• Provided material:
---------------
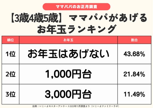 - 3歳~5歳のお年玉ランキングとお年玉管理方法・マネー教育意識
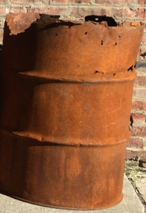 When you live in the country, you can burn whenever you like as long as the fire is contained in a trash barrel or something similar. We went through several steel barrels. They'd start out looking nice and painted. But as we'd burn trash, the paint would flake off, and after just a short time, they'd look much like the image at left, only shorter as the bottom rusted out.
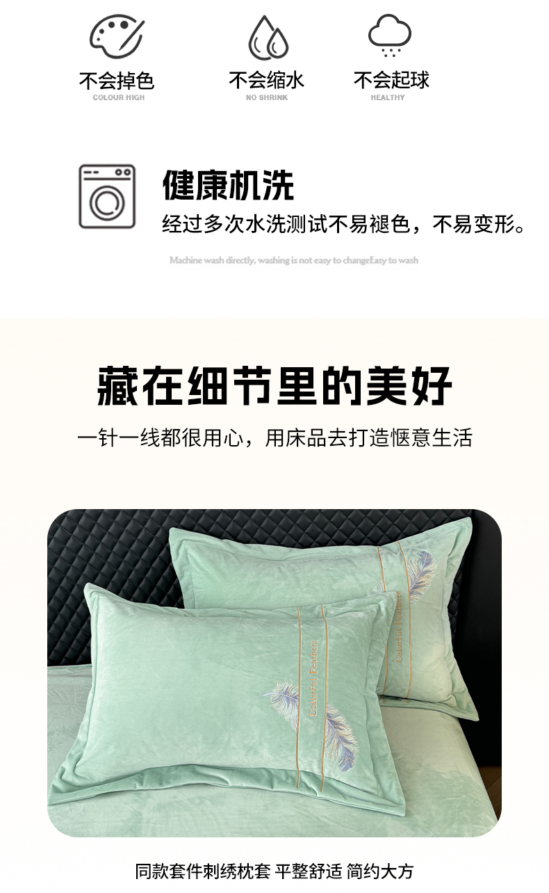 商品名称:(总)雪夫人 2024新款加厚宝宝绒刺绣床裙款四件套-羽毛
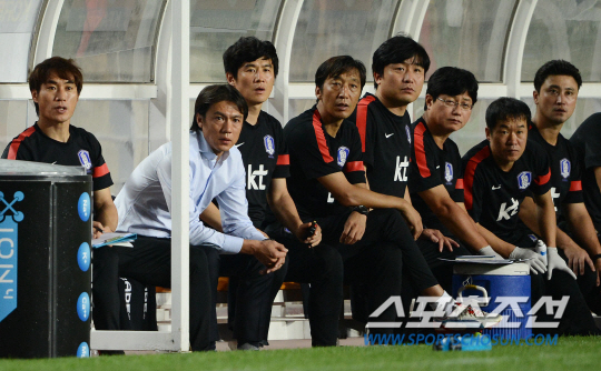 홍명보 감독이 이끄는 축구대표팀이 14일 수원월드컵경기장에서 페루와 친선 경기를 했다. 홍명보 감독이 벤치에 앉아 경기를 지켜보고 있다.
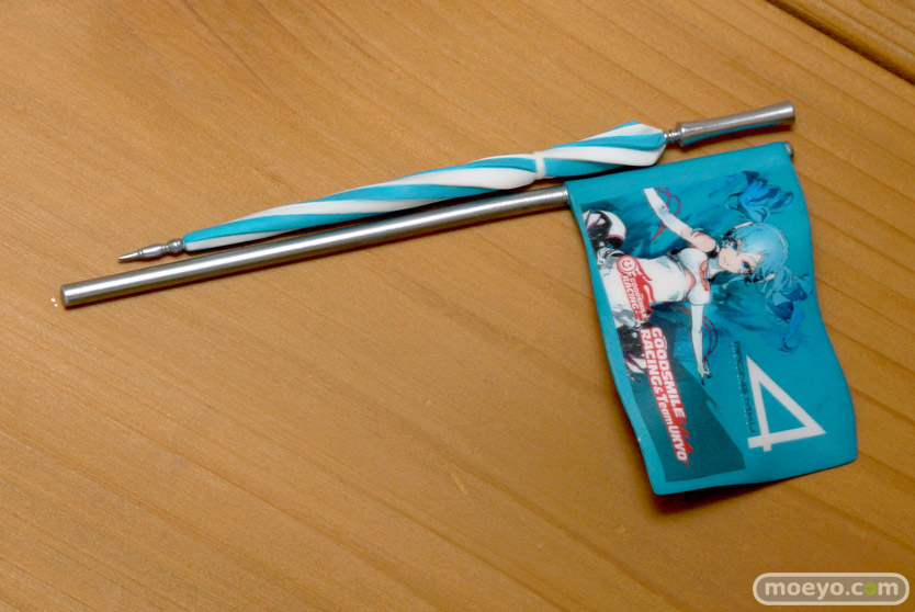 「レーシングミク 2014 ver.」は、さらにレースクイーンのパラソルや応援フラッグなどのアクセサリーも付属します。
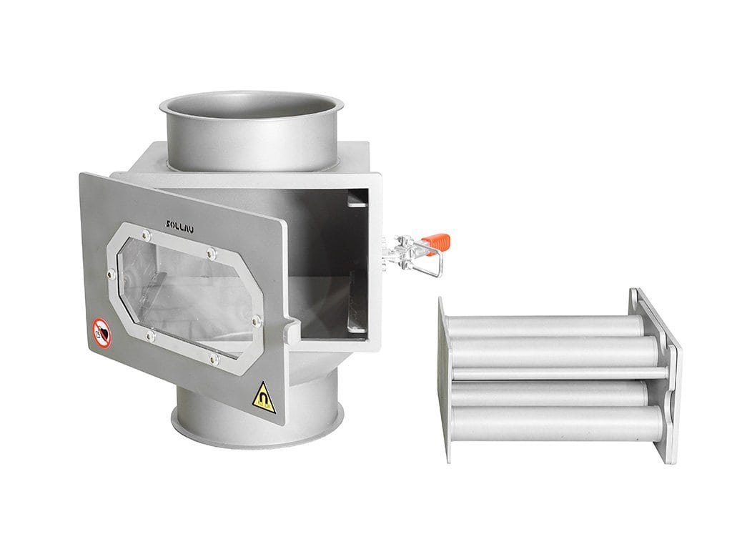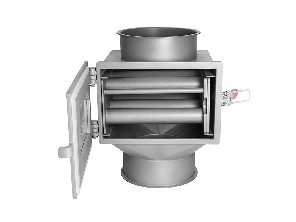 A mágneses szekrényes szeparátor lehetővé teszi a mágneses fémszennyeződések egyszerű és gyors elválasztását a tiszta terméktől és megvédi a gépeket illetve a megtisztított anyagot később feldolgozó berendezéseket a sérülésétől. A mágneses elválasztó alapja egy vagy két kihúzható rozsdamentes acél mágnesrács, amelyen keresztül a megtisztított szárazanyag átesik. A rácscsövek belsejében lévő neodímium mágnesek által generált nagyon erős mágneses tér megfogja a ferromágneses részecskéket a rácsok felületén. Az MSS-MC esetében klasszikus kivitelről van szó, ahol a mágneses rácsok az ajtóval keresztben vannak elhelyezve. Az átlátszó ellenőrző ablaknak köszönhetően folyamatosan ellenőrizhető az anyagáramlás és a csövek szennyezettségi állapota. A tisztítás során a rácsok kihúzhatók a szeparátorból, így könnyen és gyorsan tisztíthatók. A mágneses magok kézi kihúzása után a rozsdamentes acélcsövekről azaz a rácscsövek felületéről a ferromágneses szennyeződések maguktól lehullanak.
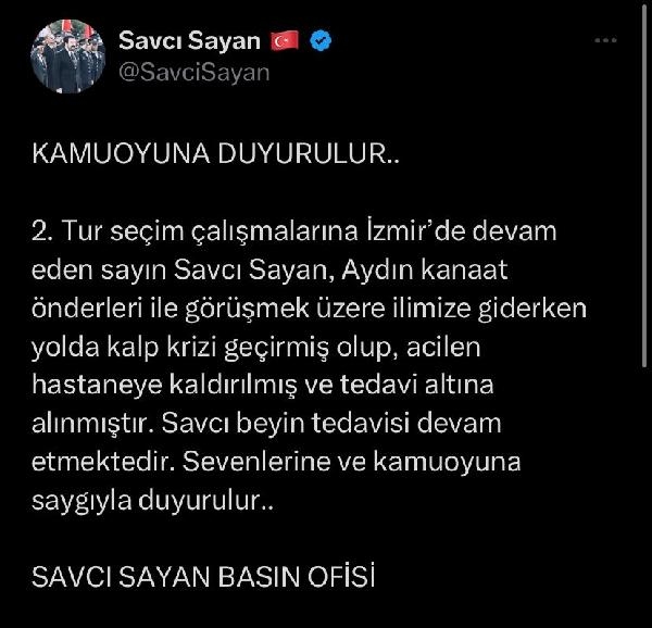 "2. tur seçim çalışmalarına İzmir'de devam eden sayın Savcı Sayan, Aydın kanaat önderleri ile görüşmek üzere ilimize giderken yolda kalp krizi geçirmiş olup, acilen hastaneye kaldırılmış ve tedavi altına alınmıştır. Savcı Bey'in tedavisi devam etmektedir."
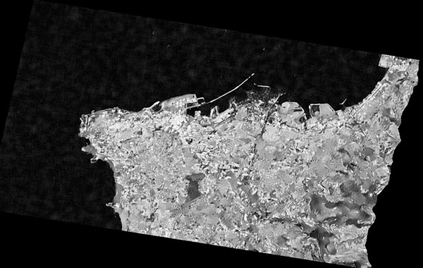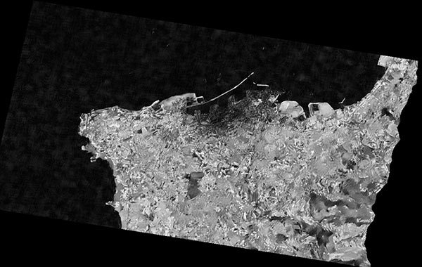 The above image shows a coherence map created from the Sentinel-1 both before the explosion in Beirut (on the left) and soon after (on the right). Dark areas show stark dissimilarity between the collects. The Sentinel-1 data were collected at 3:45 am, showing the value of collecting in the dark when the event happend late in the day. The Sentinel-1 data was processed using ENVI SARscape Analytics by sarmap sa.
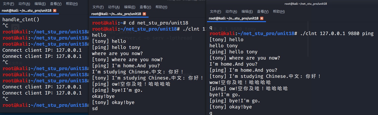 #include <stdio.h> #include <stdlib.h> #include <process.h> #include <Windows.h> #include <string.h> #pragma warning(disable:4996) #pragma comment(lib, "ws2_32.lib") #define BUF_SZ 100 #define NAME_SZ 20 void ErrorHandling(const char* msg); unsigned WINAPI SendMsg(void* arg); unsigned WINAPI RecvMsg(void* arg); char name[NAME_SZ] = "[DEFAULT]"; char msg[BUF_SZ] = ""; int main(int argc, char* argv[]) { WSADATA wsaData; SOCKET hSock; SOCKADDR_IN servAdr; HANDLE hSndThread, hRcvThread; if (argc != 4) { printf("Usage: %s <IP> <port> <name>\n", argv[0]); system("PAUSE"); exit(-1); } if (WSAStartup(MAKEWORD(2, 2), &wsaData) != 0) ErrorHandling("WSAStartup() error"); // 初始化用户名 sprintf(name, "[%s]", argv[3]); // 初始化结构体 if ((hSock = socket(PF_INET, SOCK_STREAM, 0)) == INVALID_SOCKET) ErrorHandling("socket() error"); memset(&servAdr, 0, sizeof(servAdr)); servAdr.sin_family = AF_INET; servAdr.sin_addr.s_addr = inet_addr(argv[1]); servAdr.sin_port = htons(atoi(argv[2])); if (connect(hSock, (struct sockaddr*)&servAdr, sizeof(servAdr)) == SOCKET_ERROR) ErrorHandling("connect() error"); // 创建线程 hSndThread = (HANDLE)_beginthreadex(NULL, 0, SendMsg, (void*)&hSock, 0, NULL); hRcvThread = (HANDLE)_beginthreadex(NULL, 0, RecvMsg, (void*)&hSock, 0, NULL); // 检测线程信号量 WaitForSingleObject(hSndThread, INFINITE); WaitForSingleObject(hRcvThread, INFINITE); closesocket(hSock); WSACleanup(); system("PAUSE"); return 0; } void ErrorHandling(const char* msg) { fputs(msg, stderr); fputc('\n', stderr); system("PAUSE"); exit(-1); } unsigned __stdcall SendMsg(void* arg) { SOCKET hSock = *((SOCKET*)arg); char namemsg[BUF_SZ + NAME_SZ] = { 0 }; while (1) { fgets(msg, BUF_SZ, stdin); if (!strcmp(msg, "q\n") || !strcmp(msg, "Q\n")) { closesocket(hSock); exit(0); } sprintf(namemsg, "%s %s", name, msg); send(hSock, namemsg, strlen(namemsg), 0); } return 5; } unsigned __stdcall RecvMsg(void* arg) { SOCKET hSock = *((SOCKET*)arg); int strLen = 0; char namemsg[BUF_SZ + NAME_SZ] = { 0 }; while (1) { if ((strLen = recv(hSock, namemsg, NAME_SZ + BUF_SZ + 1, 0)) == -1) exit(-1); namemsg[strLen] = '\0'; fputs(namemsg, stdout); } return 6; }
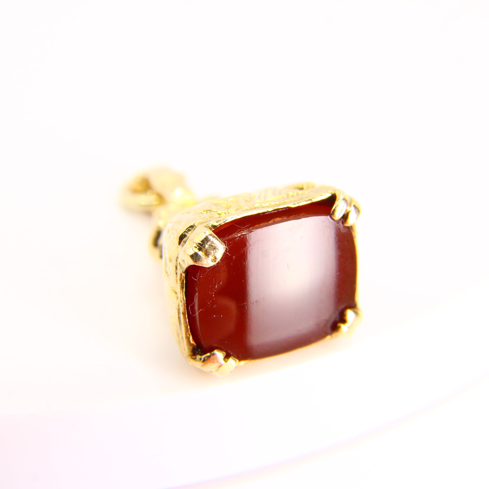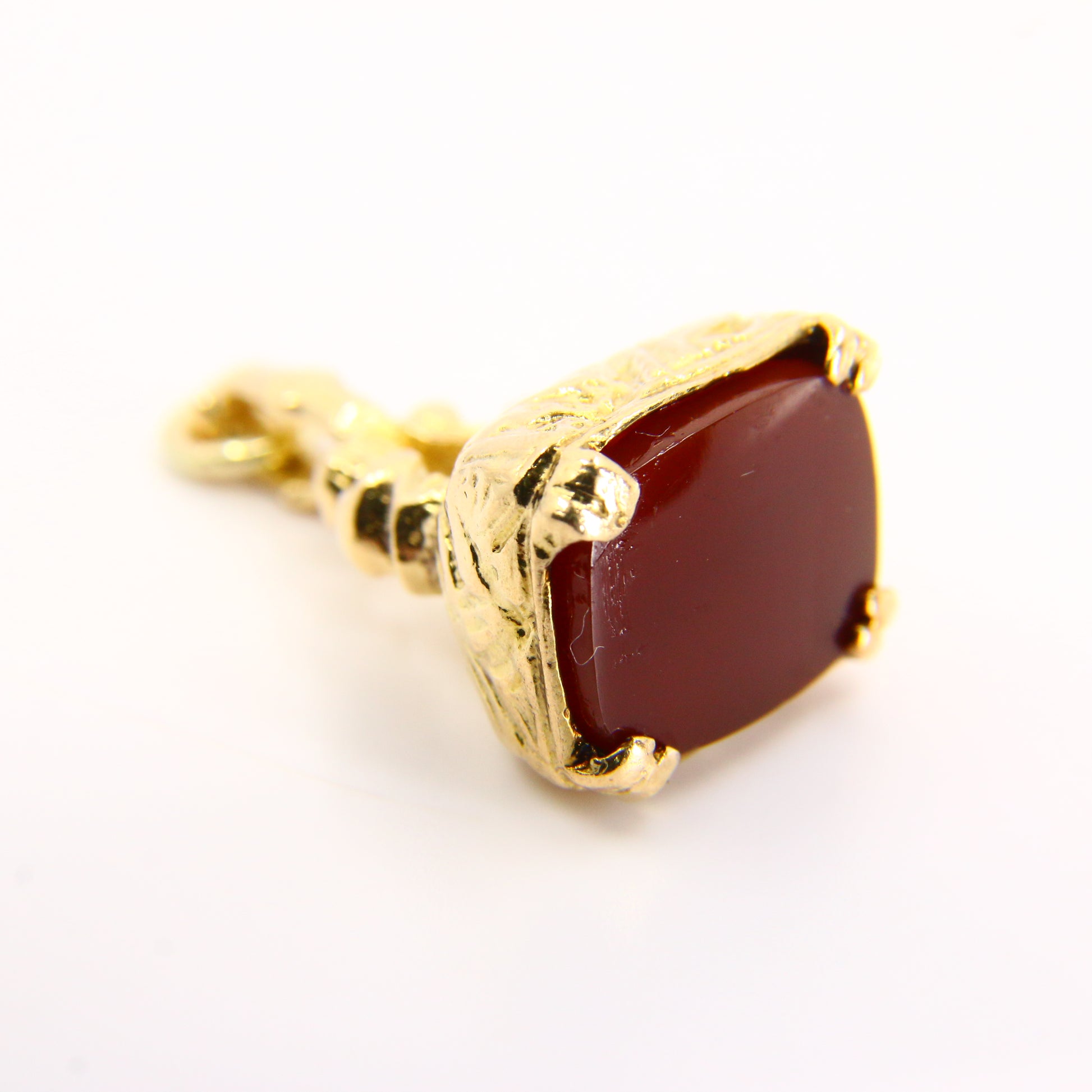 Vintage 9ct Carnelian Drop Fob Charm 9 Carat Yellow Gold Hallmarked Pendant
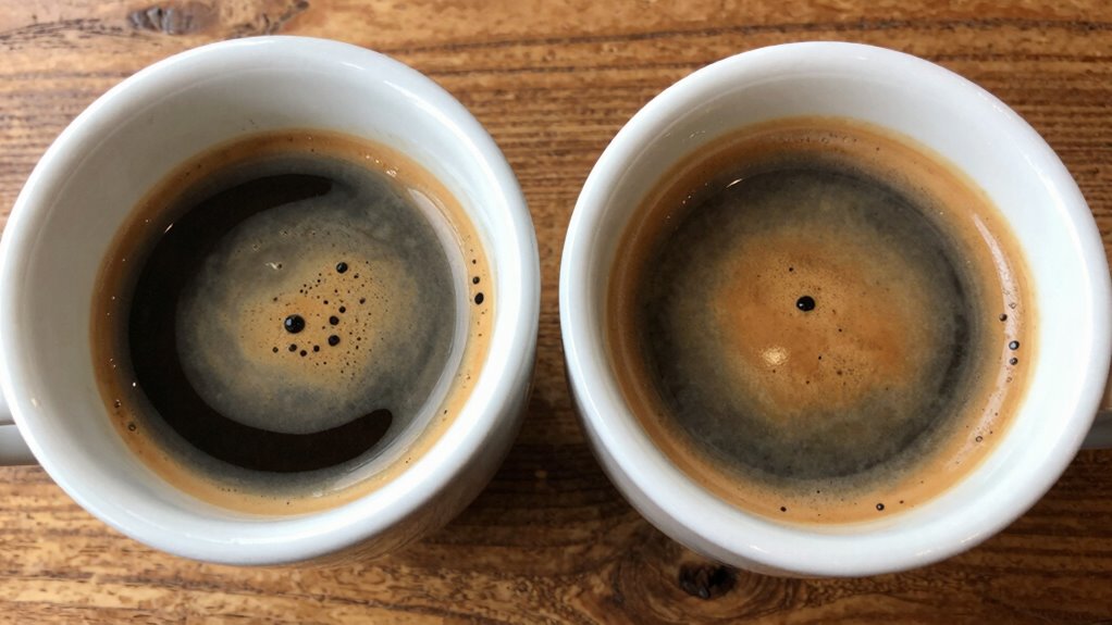 You’ll find that darker roast levels tend to produce a more bitter espresso, thanks to the longer roasting process that develops complex flavors and reduces acidity. Lighter roasts often retain more of the coffee’s natural acidity, making them more prone to sourness. So, if you prefer a smoother, less sour taste, opt for a darker roast. The roast darkness directly influences flavor complexity and whether your espresso leans towards sour or bitter.
---------------
• Exercise:
Everything from the first line of the listing above through the line that contains "tur seçim çalışmalarına" is to be restated word for word, minus the pictures.

• Solved exercise:
 - 3歳~5歳のお年玉ランキングとお年玉管理方法・マネー教育意識
 When you live in the country, you can burn whenever you like as long as the fire is contained in a trash barrel or something similar. We went through several steel barrels. They'd start out looking nice and painted. But as we'd burn trash, the paint would flake off, and after just a short time, they'd look much like the image at left, only shorter as the bottom rusted out.
 商品名称:(总)雪夫人 2024新款加厚宝宝绒刺绣床裙款四件套-羽毛
 홍명보 감독이 이끄는 축구대표팀이 14일 수원월드컵경기장에서 페루와 친선 경기를 했다. 홍명보 감독이 벤치에 앉아 경기를 지켜보고 있다.
 「レーシングミク 2014 ver.」は、さらにレースクイーンのパラソルや応援フラッグなどのアクセサリーも付属します。
 A mágneses szekrényes szeparátor lehetővé teszi a mágneses fémszennyeződések egyszerű és gyors elválasztását a tiszta terméktől és megvédi a gépeket illetve a megtisztított anyagot később feldolgozó berendezéseket a sérülésétől. A mágneses elválasztó alapja egy vagy két kihúzható rozsdamentes acél mágnesrács, amelyen keresztül a megtisztított szárazanyag átesik. A rácscsövek belsejében lévő neodímium mágnesek által generált nagyon erős mágneses tér megfogja a ferromágneses részecskéket a rácsok felületén. Az MSS-MC esetében klasszikus kivitelről van szó, ahol a mágneses rácsok az ajtóval keresztben vannak elhelyezve. Az átlátszó ellenőrző ablaknak köszönhetően folyamatosan ellenőrizhető az anyagáramlás és a csövek szennyezettségi állapota. A tisztítás során a rácsok kihúzhatók a szeparátorból, így könnyen és gyorsan tisztíthatók. A mágneses magok kézi kihúzása után a rozsdamentes acélcsövekről azaz a rácscsövek felületéről a ferromágneses szennyeződések maguktól lehullanak.
 "2. tur seçim çalışmalarına İzmir'de devam eden sayın Savcı Sayan, Aydın kanaat önderleri ile görüşmek üzere ilimize giderken yolda kalp krizi geçirmiş olup, acilen hastaneye kaldırılmış ve tedavi altına alınmıştır. Savcı Bey'in tedavisi devam etmektedir."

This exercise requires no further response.